Os artistas que atuam nas ruas de Londrina não terão mais que pagar para se apresentar em espaços públicos da cidade. A isenção da taxa que era cobrada pela Companhia Municipal de Trânsito e Urbanização (CMTU) foi publicada na edição da última terça-feira do Jornal Oficial do Município. A nova legislação também permite a venda de bens culturais duráveis, como CDs, DVDs, livros, quadros e peças artesanais durante as apresentações.
A nova regulamentação está prevista na Lei Municipal 12.230, sancionada pelo prefeito Alexandre Kireeff em 29 de dezembro de 2014. "Esta nova lei é resultado de um trabalho que se iniciou em 2012 com um movimento criado pelos artistas de rua que alegaram que a cobrança da taxa inviabilizava as apresentações artísticas em espaços públicos de Londrina. Em 2013 o atual prefeito se mostrou favorável às medidas propostas e numa ação conjunta entre os artistas em questão, a secretaria municipal de Cultura, o Conselho Municipal de Cultura e representantes locais da Ordem dos Advogados do Brasil (OAB)ao longo do ano passado foi criada a regulamentação que passa a valer a partir desta semana", explica a secretária municipal de Cultura, Solange Batigliana.
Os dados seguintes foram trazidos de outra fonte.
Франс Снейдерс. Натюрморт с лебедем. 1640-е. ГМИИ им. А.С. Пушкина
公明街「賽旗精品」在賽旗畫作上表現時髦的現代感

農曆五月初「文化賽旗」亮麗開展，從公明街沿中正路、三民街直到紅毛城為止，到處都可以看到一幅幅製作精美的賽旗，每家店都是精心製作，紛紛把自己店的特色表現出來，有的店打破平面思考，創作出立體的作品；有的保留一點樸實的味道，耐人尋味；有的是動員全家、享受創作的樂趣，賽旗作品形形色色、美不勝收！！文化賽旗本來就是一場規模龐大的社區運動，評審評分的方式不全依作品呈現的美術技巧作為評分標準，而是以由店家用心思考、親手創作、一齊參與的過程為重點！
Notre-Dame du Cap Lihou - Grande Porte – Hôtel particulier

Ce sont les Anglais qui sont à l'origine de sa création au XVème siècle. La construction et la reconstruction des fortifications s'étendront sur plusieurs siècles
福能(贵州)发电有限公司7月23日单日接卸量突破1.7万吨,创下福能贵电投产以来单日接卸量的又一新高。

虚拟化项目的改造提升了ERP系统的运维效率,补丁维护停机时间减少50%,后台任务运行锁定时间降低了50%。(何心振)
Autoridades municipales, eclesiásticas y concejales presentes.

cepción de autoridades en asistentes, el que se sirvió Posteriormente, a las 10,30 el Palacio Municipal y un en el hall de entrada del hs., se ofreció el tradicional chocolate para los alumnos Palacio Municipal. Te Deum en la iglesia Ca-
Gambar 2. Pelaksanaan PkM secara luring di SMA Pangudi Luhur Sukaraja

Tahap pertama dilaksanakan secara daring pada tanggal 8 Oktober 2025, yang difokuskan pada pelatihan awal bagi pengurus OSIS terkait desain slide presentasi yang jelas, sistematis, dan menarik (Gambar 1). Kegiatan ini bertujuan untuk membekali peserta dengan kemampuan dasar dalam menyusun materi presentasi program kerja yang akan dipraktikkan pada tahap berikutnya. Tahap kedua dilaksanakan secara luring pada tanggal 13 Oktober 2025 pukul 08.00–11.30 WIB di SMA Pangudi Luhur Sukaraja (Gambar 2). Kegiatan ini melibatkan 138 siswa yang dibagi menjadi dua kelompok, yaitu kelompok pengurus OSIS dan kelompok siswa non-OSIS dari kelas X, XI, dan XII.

A regulamentação estabelece como atividades culturais de artistas de rua o teatro, a dança individual ou em grupo, a capoeira, a mímica, as artes plásticas, o malabarismo ou outra atividade circense. Também fazem parte da lista a música, o folclore, a literatura, o grafite, o artesanato, a poesia declamada ou em exposição física das obras. Entre os espaços que poderão servir de palco para apresentação estão vias, cruzamentos, parques e praças públicas.
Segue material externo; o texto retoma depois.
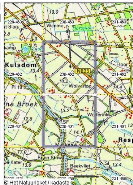
Figuur 2: Kaart en rapport Natuurloket (locatie aangegeven met pijl)

Landelijke vegetatiedatabank: gezamenlijke kilometerhokken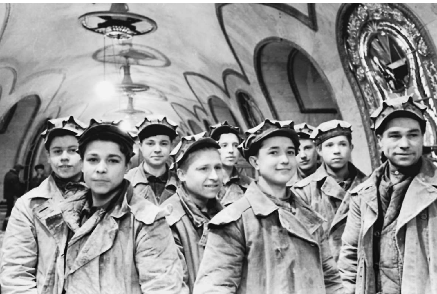
Лучшее в мире, по мнению москвичей, метро построили «лимитчики»

Воспитательный довод «Учись, оболтус, в Москву поедешь в институт поступать» устаревает. Если раньше, чтобы покорить столицу, подростку надо было быть семи пядей во лбу, то сейчас гораздо дальновиднее не блистать оценками, а проявлять интерес к карьере мастера. Столичная власть пытается возродить систему ПТУ — профессионально-технических училищ. Специально для приезжих из регионов России и стран СНГ.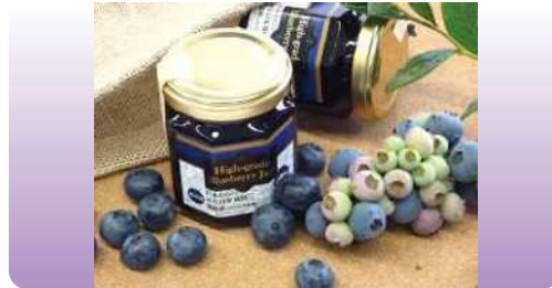
ブルーベリージャム 125g ¥700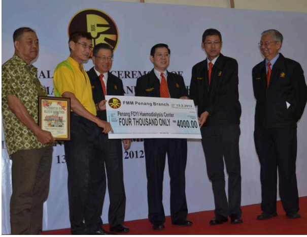
இரத்த சுத்தகரிப்பு நிலையத்திற்கு முதல்வர் மாதர் காசோவை வழங்குகிறார்.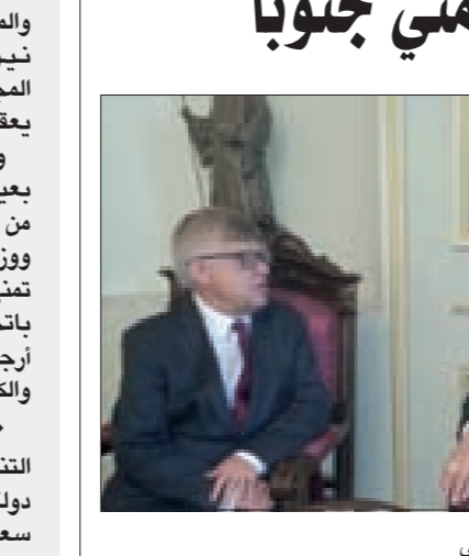
الراعي مجتمعاً إلى زاسيبكين في بكركي

في مبدأ الانتظار». وكان بطيريك الماروني التقى أيضاً رئيس الرابطة المارونية في بلجيكا ورئيس المجلس الاتحادي مارون كرم. كما استقبل قائد قوات الطوارئ الدولية العاملة في لبنان الجنرال لوتشيانو بورتولانو الذي أطلعته على الوضع العائلي في منطقة الجنوب. وأكد بورتولانو أنّ الوضع الحالي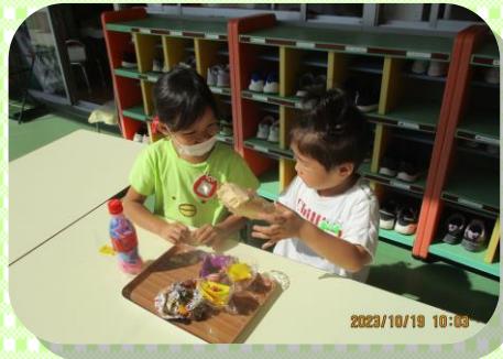
小さいクラスの友達をあそびに 招待しました。 「パン、おいしいでしょ！」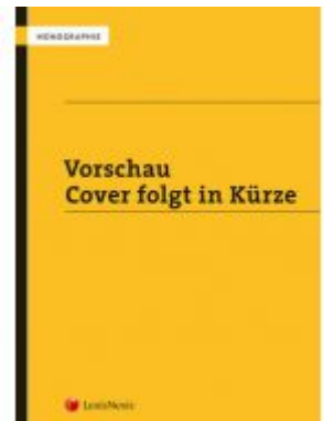
Erfüllungsgehilfen - Gehilfenzurechnung nach ABGB und VersVG Ladenpreis: 49,00 EUR

Apesar de as atividades poderem estar isentas de taxa, algumas regras devem ser cumpridas. "Não é necessário solicitar autorização para realizar apresentações, mas os artistas devem comunicar à CMTU (Companhia Municipal de Trânsito e Urbanização de Londrina) a data e o horário previsto para que não haja duas programações paralelas no mesmo local. Além disso, o trânsito de pedestres não poderá ser prejudicado e continuam valendo regras das legislações já existentes e que protegem o meio ambiente e estabelecem um limite de duração máxima de quatro horas para a apresentação, que não poderá acontecer após às 22 horas", detalha Solange.
A lei também determina a gratuidade para os espectadores. "No entanto são permitidas doações espontâneas por parte do público", esclarece a secretária de Cultura. De acordo com o texto, os artistas devem obedecer ainda os parâmetros estabelecidos para os níveis máximos de ruído previstos no Código de Posturas Municipal. E não ter patrocínio privado que se caracterize como evento de marketing, salvo projetos apoiados por lei municipal, estadual ou federal de incentivo à cultura.
Segundo Solange, o texto da regulamentação segue padrões de legislação sobre o tema que já existem em grandes capitais. "Seguimos basicamente a mesmo padrão de leis parecidas que foram adotadas em São Paulo. Desta forma garantimos tanto o direito dos artistas de levar sua arte para as ruas e também do público, que terá um leque maior de atrações artísticas à sua disposição."